Faraetaildreams Art

Bio

I was born in Phoenix, raised in the Arizona heat, and to survive the blistering summers I spent a lot of time inside. I was one of those kids that constantly drew on everything. What I drew were always horses. Sometimes they had wings, sometimes they had horns. I was the 'weird horse girl' in elementary school, and by middle school, had learned to hide the drawing and the obsession with all things horse. 

I have been involved with horses my entire life, and have worked professionally as a groom, barn manager, and assisted a few trainers along the way. I've worked with quarter horses, thoroughbreds, appaloosas, gaited horses (paso fino horses), ponies, arabs, and a variety in between. My passion is split between a good cow horse that can get down and dirty with a calf, and the fine stepping paso fino. My 'perfect' barn would be split evenly in half with the cows/cow horses on one side, and the paso's on the other.

Through elementary and middle school, I was lucky enough to be the owner to two wonderful geldings who each taught me very different things. One taught me the importance of NOT SCREAMING while running hell-bent for leather through some very heavily treed woods after spooking at something that really should NOT have caused a full on run away horse. (really, I'm not kidding). He'd spook and take off randomly and the behavior was not improving after several months of re-training. Great way to quickly learn how to stop a run away horse at 9 years of age, I'm tellin' ya. 

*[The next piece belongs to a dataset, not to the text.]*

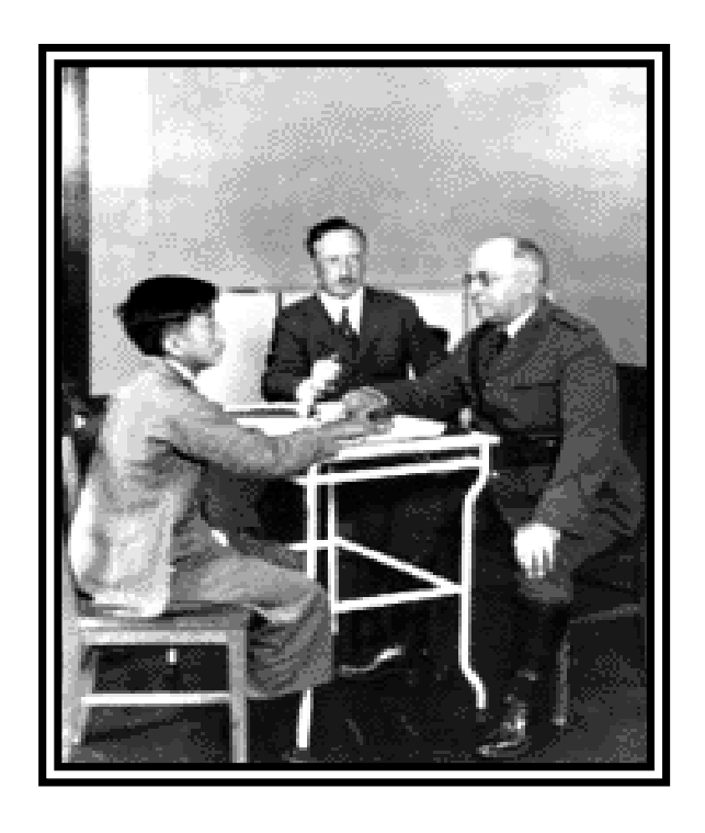
West Coast Immigration

The other gelding was a lesson in patience, and almost the exact opposite problem. One gelding loved to go a little too much, this guy didn't like to go faster than a lazy walk! Kid spurs, bats, kicking, butt slapping - nothing phased this old packer. He was gonna go his speed, and that was it unless you figured out his 'button' :). See, he was a seasoned OTTB, and during his retraining the wise trainer gave him a verbal command that would get him moving his feet faster than a shuffle. He did this so that the horse would be considered more 'safe' to ride after being on the track. (Ok, this was over 20 years ago, and the horse himself was in his early 20's at that point.)

During high school, the family wasn't able to afford a horse for me,  so I just rode everyone else's horses. My high school best friend was an aspiring trainer herself, and during our junior year purchased a unbroke 2 year old qh filly and broke her out over the course of the next year. 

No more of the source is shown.